Since the start of the year, there has been one mantra for the Central London investment market: Investors are holding back until they know the outcome of Brexit talks, and once there is certainty on that key topic, money will come pouring back in. That was the message at Mipim ahead of the original Brexit deadline of 31 March, and throughout the year in the run-up to the revised deadline of 31 October.
“Any sort of a deal would mean a huge relief rally, and capital that has been waiting on the sidelines coming flooding back in,” M7 Chairman Richard Croft told Bisnow earlier this month before the new deadline of 31 January 2020 was agreed. “Sterling would still be cheap on a historic basis and there would be a lot of foreign capital happy to invest in that relief rally.”
In spite of the perception that investors won’t jump into the market while the UK’s political future remains unresolved, there are still some significant assets on the market and deals close to completion.

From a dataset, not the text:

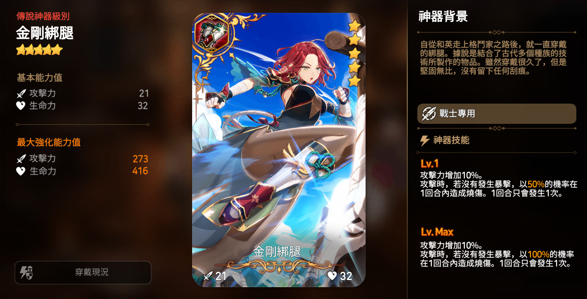 可以使用根據攻擊力差異等比貫穿防禦力的霸王熱火擊技能,來壓制低攻擊力敵人的火焰屬性戰士-「和英」!以及可以增加攻擊力,並在單一攻擊未發生暴擊時以一定機率造成燒傷的戰士專用神器-「金剛綁腿」!請試著在召喚機率UP!中遇見他們吧!

Vendors will be hoping that uncertainty does not lead to deals being iced.
In the City of London, Blackstone has put Alban Gate up for sale for about £300M, a building owned by its core-plus platform, according to React News. Elsewhere, Brookfield is in talks to buy the 50% stake it does not already own of London Wall Place from Oxford Properties for about £350M.
In the West End, Oxford Properties and Brockton Capital are selling the Post Building for around £700M following significant inbound interest, and the WELPUT fund has put Orion House in Covent Garden up for sale for £130M.
Slightly further west in Victoria, Singaporean investor ARA is in talks to buy a 50% stake in the Nova office scheme from CPPIB for £450M. It would be the company’s first deal since buying UK asset manager Dunedin.
Outside of London’s central borough’s there are two huge deals on the market: the £700M sale of White City Place and the potential £1.3B sale of Camden Market, very different collections of assets, but both of which will test investor appetite for emerging locations.
Outside of the office world, Queensgate Investments is testing appetite for London hotels with the sale of the Kensington Forum Holiday Inn for £500M. Queesngate bought the hotel for £400M in 2015. There is planning permission to demolish the building and build a new hotel including serviced apartments.
News that there will be a general election before the end of the year will likely further increase investor reticence about Central London. The UK electorate is being offered perhaps the most polarised options for decades: a choice between a Conservative party that would deregulate the economy to the greatest degree since Margaret Thatcher’s government of the 1980s, or a Jeremy Corbyn Labour government that has indicated a programme of state intervention and redistribution of wealth which would radically alter the UK economy.
“Real estate would be fair game,” Prestbury Chairman Nick Leslau told Bisnow earlier this month. “[Corbyn] would be happy to dismantle the industry. Taxation would rise, he would expropriate land, impose rent control and reduce security of tenure.”
Opinion polls are generally in agreement and indicate that the Conservatives would win, but the margin of victory is far from certain. With such a stark choice on offer, there is even less incentive for investors to dive in before the result is known.
Or of course, there is the possibility of a hung Parliament, no majority for either party and further political paralysis. In which case, 2020 could be another slow year for Central London investment.